KI und Deep Learning in der medialen Zukunft

Konkrete Anwendungen und Entwicklungen vom Roboterjournalismus bis zum intelligenten Assistenten

München, (PresseBox) - Noch vor wenigen Jahren galt die Künstliche Intelligenz als ebenso exotisches wie wenig erfolgversprechendes Forschungsfeld. Nach mehreren Entwicklungsschüben ist die KI heute wahrscheinlich die zukunftsrelevanteste Technologie. Die durch sie ausgelösten Veränderungen des aktuellen digitalen Transformationsprozesses, des Medienwandels und vor allem der Medieninhalte sind heute kaum absehbar .

Investoren haben über fünf Milliarden US-Dollar in Unternehmen investiert, die KI einsetzen.
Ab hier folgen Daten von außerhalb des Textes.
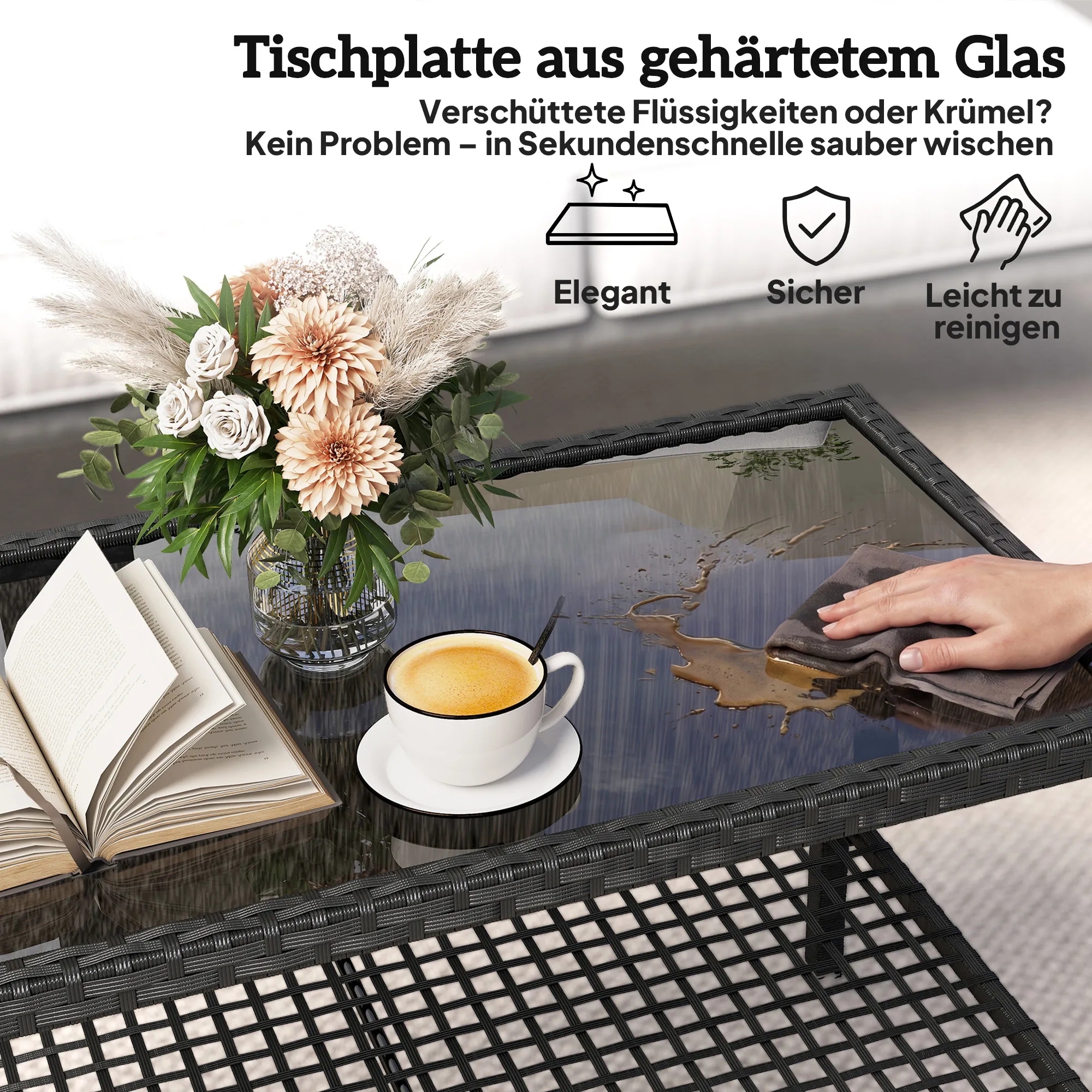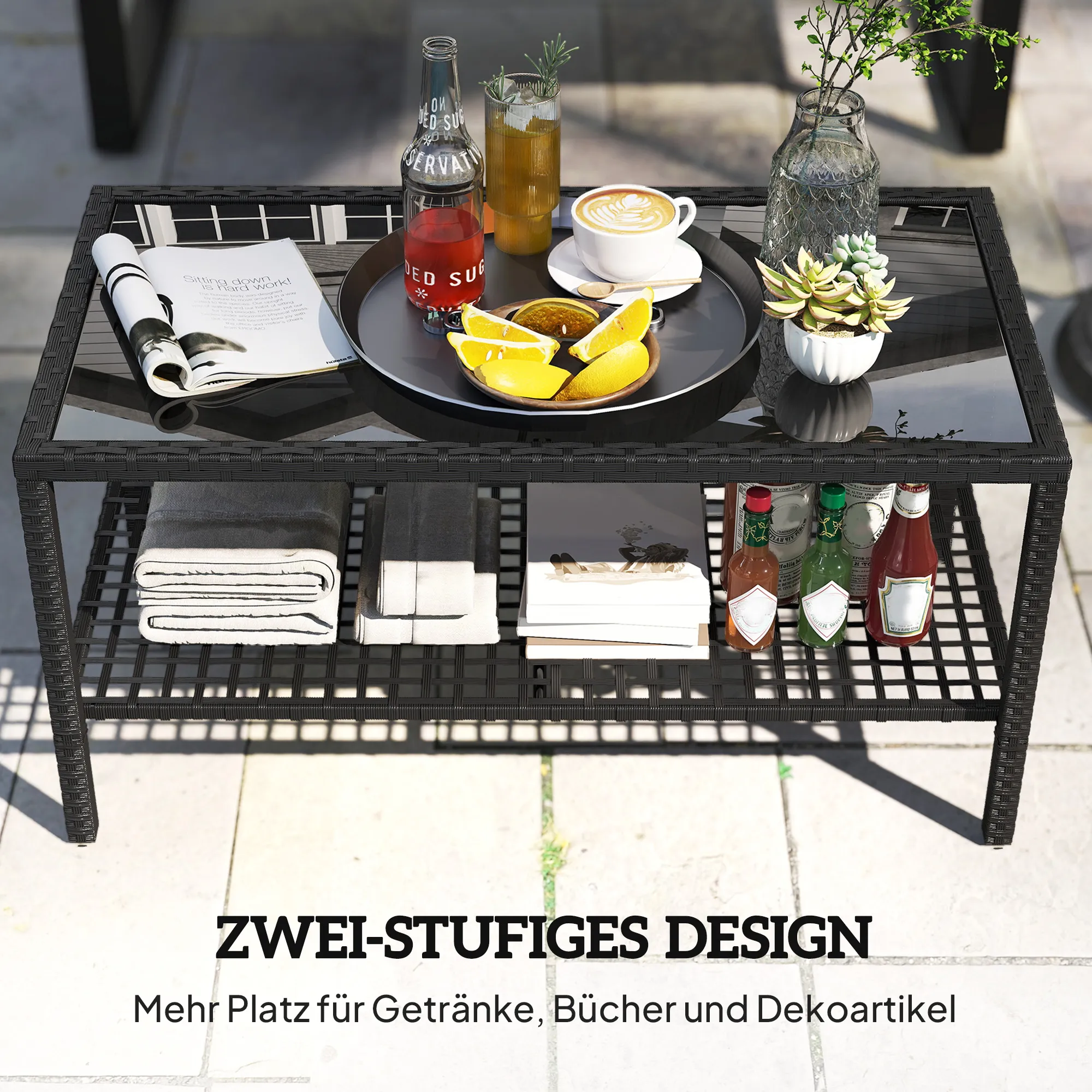 Rieten Salontafel, Tweelaags Buitentafel Met Opbergvak, Gehard Glazen Blad En Stalen Frame, Zwart

Das entspricht einer Steigerung von 61 % gegenüber 2015. Laut einer aktuellen Studie von Crisp Research nutzen bereits ein Fünftel aller deutschen Unternehmen aktiv KI und maschinelles Lernen. KI ist in Form von Deep Learning und autonomen Systemen längst Gegenwart. Roboterjournalismus, Data-Mining, intelligente Assistenten sind Teil einer schon lange währenden Konvergenz der Medien, die eine gänzlich neue, KI-basierte Medienlandschaft entstehen lässt. Eine Medienlandschaft, zu der Robotcars ebenso zählen wie das Internet of Things, oder das Serienstreaming. Einst vorgenommene Segmentierungen oder Trennungen gehören der Vergangenheit an.
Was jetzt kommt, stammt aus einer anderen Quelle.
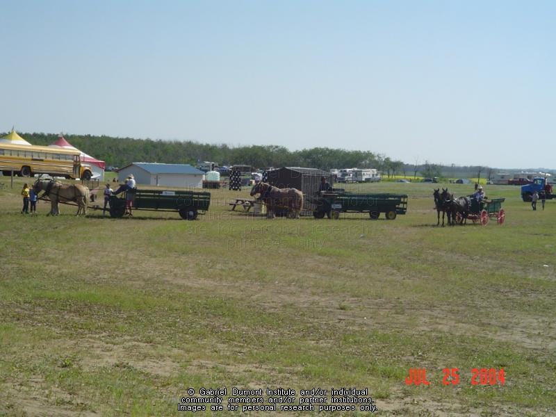 | Description: | Grounds, Back to Batoche, 2004 including three teams and wagons.
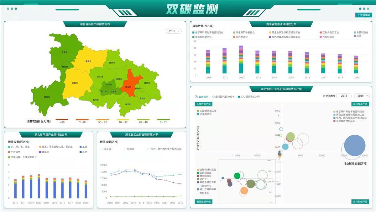 该产品将省内重点行业的碳排放量与产值关联,构建产业产值—碳排放四象限评价体系,按照增产降碳、减(稳)产降碳、增产增碳和减产增碳进行归类,为推动各行业低碳转型提供直观量化的分析工具,为公司跟踪监测碳排放和政府制定减碳政策提供参考,也为湖北绿色低碳转型、加快实现“双碳”目标提供了有力的分析工具。
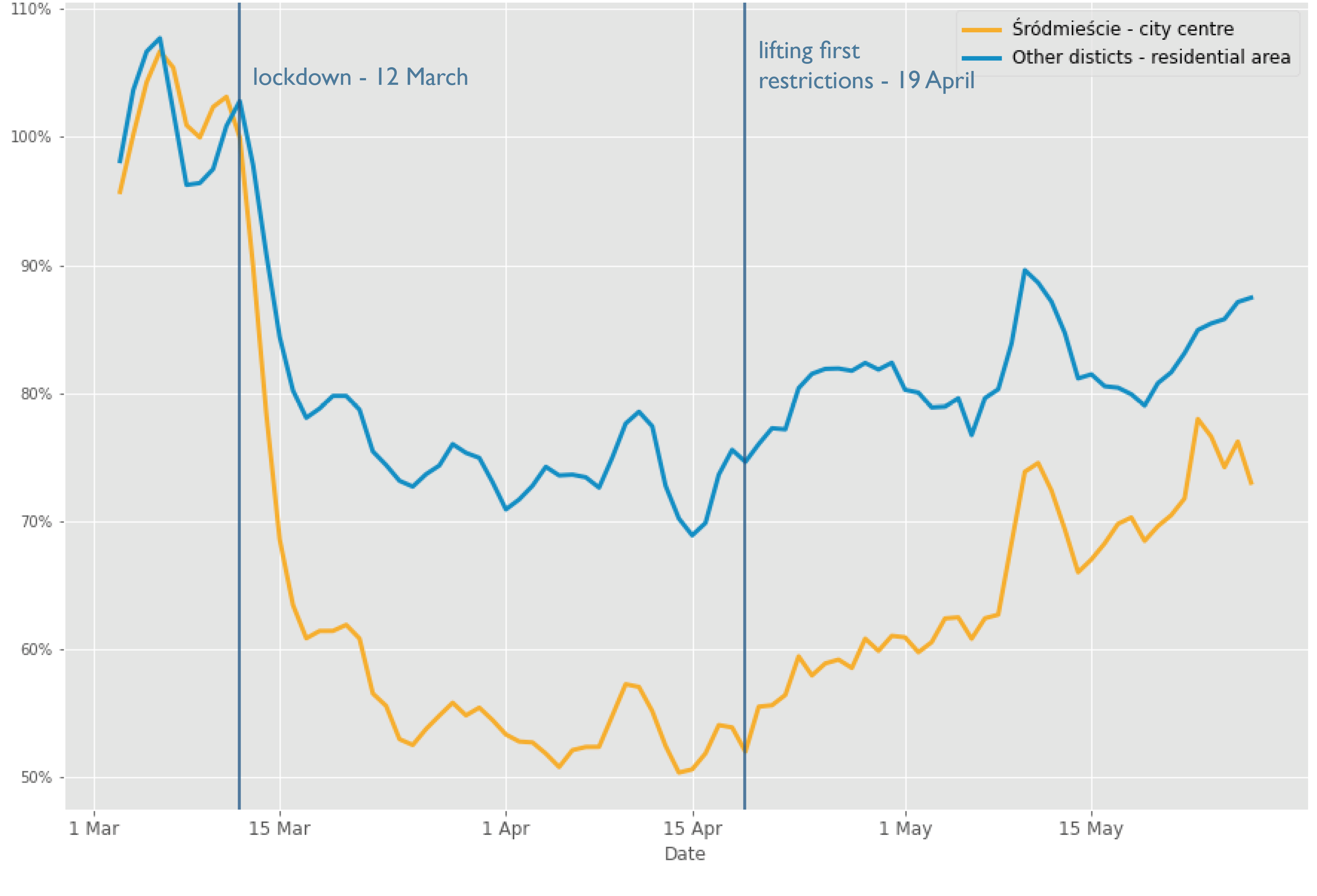 Cities AI is a Polish tech start-up providing insights on people flow on the streets of Warsaw pre-and during coronavirus pandemic. Our day to day monitoring confirms the obvious - the restrictions taken by Polish government in mid of March lead to sharp decrease of people traffic. First week after lock down we noted 44% less people on Warsaw streets that in pre-COVID-19 times. However – comparing people flow among different districts of Warsaw brings to attention significant differences in pedestrian traffic drop between City center (noted over 60% of decrease in people flow in comparison to pre-COVID-19 times) and the rest of the town (mainly described as residential area with on average 33% of people traffic decrease).

Klassische Medien wie Radio und Fernsehen können an dieser KI-geprägten Medienlandschaft partizipieren, wenn sie deren Konditionen rechtzeitig erkennen und den Medienwandel proaktiv mitgestalten. Gelingen kann dies nur mit einem fluiden Gestaltungsprozess und dem Einsatz von KI. So kann sie beispielsweise in der Produktion und im Archiv helfen, bei der Suche und Beseitigung von Fehlern in technischen Systemen und dem Zuschauer bei der Auswahl der Inhalte assistieren. Aber auch gesellschafts- und medienpolitisch werden diese Technologien in Zusammenhang mit dem Medienumfeld diskutiert: wie werden Medien anders wahrgenommen, welche Nachricht ist richtig, welche falsch und wie werden Informationen von Automaten individuell formuliert?
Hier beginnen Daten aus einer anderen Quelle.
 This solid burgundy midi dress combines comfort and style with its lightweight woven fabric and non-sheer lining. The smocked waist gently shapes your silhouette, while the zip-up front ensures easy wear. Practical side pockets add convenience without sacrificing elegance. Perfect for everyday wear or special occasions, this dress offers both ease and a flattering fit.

In Fortsetzung des Symposiums „Big Data – Produktiver Mehrwert oder unberechenbare Datenflut?“ der ARD.ZDF medienakademie und dem IRT aus dem Jahr 2015 in Berlin, strukturiert das Fachsymposium die wichtigsten Fachbegriffe und zeigt Ihnen, was heute bereits an Anwendungen verfügbar ist und wohin diese Entwicklungen führen. Neben dem Vortragsprogramm und den Podiumsdiskussionen finden Sie auch wieder reichlich Gelegenheit für Expertengespräche und Networking.